Lyubov Nikitichna Mulmenko (Любовь Никитична Мульменко; 1 September 1985, Perm, Russia) is a Russian playwright, film director and screenwriter.

== Biography ==
She graduated from the Faculty of Philology of the Perm State University with a degree in journalism (2008) and art journalism courses at the Pro Arte Institute in St. Petersburg (2009).

In 2009 she made her theater debut with two documentary performances.

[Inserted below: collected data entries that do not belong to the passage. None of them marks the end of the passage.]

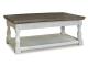 With its richly rustic finish and textural mix, this lift-top coffee table goes to town on bygone beauty. Its distressed two-tone treatment blends a weathered gray with vintage white for an utterly charming effect. The lift-top design adds function to your very comfortable space. 2 matching end tables also included.
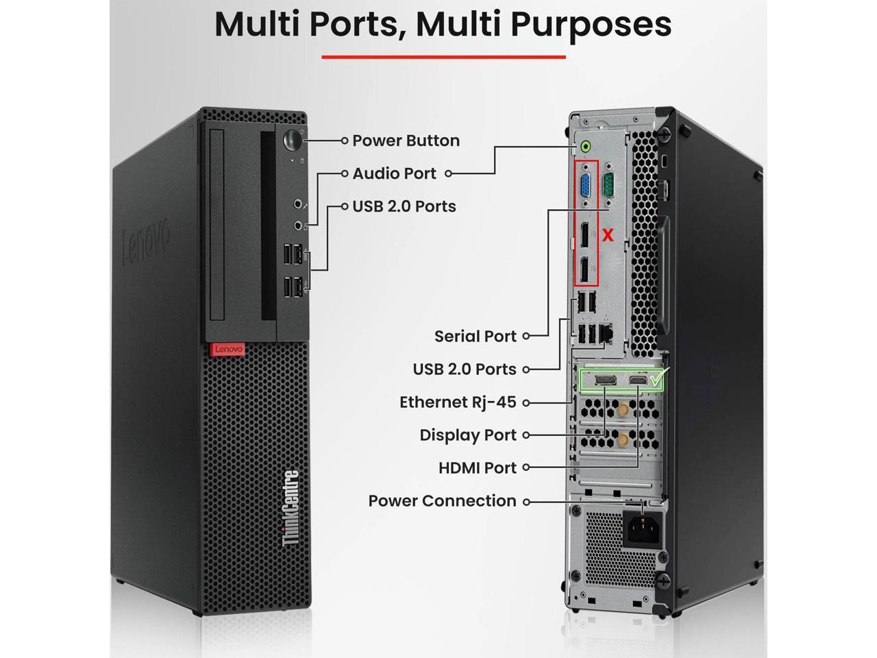 - Back Ports:2x Display Port, 2x USB 2.0 Ports,1x RJ-45,1xSerial Port, 1xVGA Port, 1xPower connection
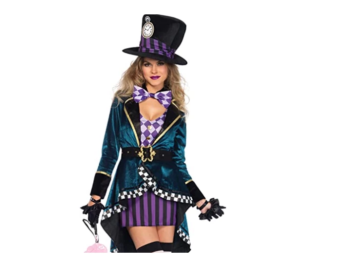 Checkout sexy Alice in Wonderland costume for Halloween party having Stretch knit dress portion has elastic at the waist, decorative buttons, back zipper. Buy now!

== Selected filmography ==
- As screenwriter
- What is My Name (2014)
- About Love. For Adults Only (2017)
- Fidelity (2019)
- The Danube (2021)
- Unclenching the Fists (2021; dialogues)
- Compartment No. 6 (2021; dialogues)
- Jonjolie (2022)
- As director
- The Danube (2021)
- Frau (2023)

== Awards and nominations ==
- Awards
- Slovo Awards (2015) — Best Screenplay Debut in a Feature Film (One More Year; with Nataliya Meshchaninova)
- Nominations
- Nika Awards (2015) — Discovery of the Year (Combine 'Nadezhda; with Nataliya Meshchaninova)
- Russian Guild of Film Critics (2015) — Best Screenplay (One More Year; with Nataliya Meshchaninova), (Combine 'Nadezhda; with Nataliya Meshchaninova); (2020) — Best Screenplay (Fidelity)
- Kinotavr (2021) — Full-Length Film (The Danube)

==Bibliography==
- Zero One (play, 2009)
- Invocation (play, 2010)
- Antisex (play, 2011)
- Funny Panic Stories (2016)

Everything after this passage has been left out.